= Pan Melanesian Congress =

Papua New Guinean political party

The Pan Melanesian Congress was a political party in Papua New Guinea.

It was established in late 2001 by Karimui-Nomane MP Simeon Wai, with Wai as parliamentary leader, Privatization Commission chairman and former MP Ben Micah as party president, and future MP Nixon Duban as president of its student wing.
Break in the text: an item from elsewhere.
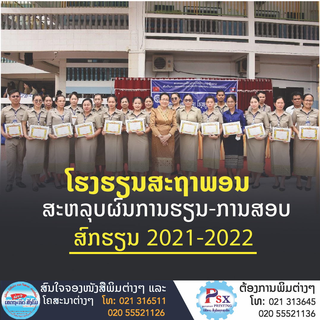 ໂຮງຮຽນອານຸບານ-ປະຖົມ-ມັດທະຍົມຕົ້ນ ສະຖາພອນ ຈັດພິທີສະຫລຸບປີຮຽນປະຈຳສົກຮຽນ 2021-2022 ໃນວັນທີ 24 ມິຖຸນາ 2022 ເພື່ອສະຫລຸບຕີລາຄາຜົນການຈັດຕັ້ງປະຕິບັດການຮຽນ-ການສອນ ໃນສົກປີຜ່ານມາ, ພ້ອມທັງເປັນການມອບໃບ ຍ້ອງຍໍຜົນງານໃຫ້ແກ່ພະນັກງານຄູ-ອາຈານ ແລະ ນັກຮຽນເກັ່ງ,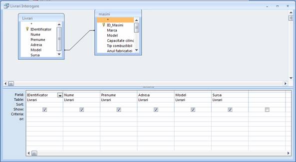 Am folosit 6 campuri din 2 tabele. Putem filtra datele obtinute prin completarea campului 'Criterii' cu o informatie din campul respective.

It was immediately brought into Cabinet in advance of the 2002 election, with Wai promoted to Minister for Agriculture and Livestock by Prime Minister Mekere Morauta.

The party sought "full political, economic and social integration of the Melanesian nations by the year 2025", with a Melanesian federation along the lines of the European Union, with "a common currency, a Melanesian parliament and common policies on environment protection, resource development, foreign affairs, security and defence". It complained about a lack of visible development in Western Province and West Sepik Province. Middle Fly MP Bitan Kuok also stood for re-election in 2002 as a PMC candidate, while Micah resigned from the Privatization Commission in order to nominate as a candidate.

The party won two seats at the 2002 election: David Sui in Kandrian-Gloucester Open and Gallus Yumbui in Wosera Gawi Open. Little was reported of the party again after the post-election negotiations, and in February 2006 it was reported to have merged into People's National Congress. It still remained on the list of registered parties for the 2012 election, which it did not contest, and was formally deregistered in August 2015.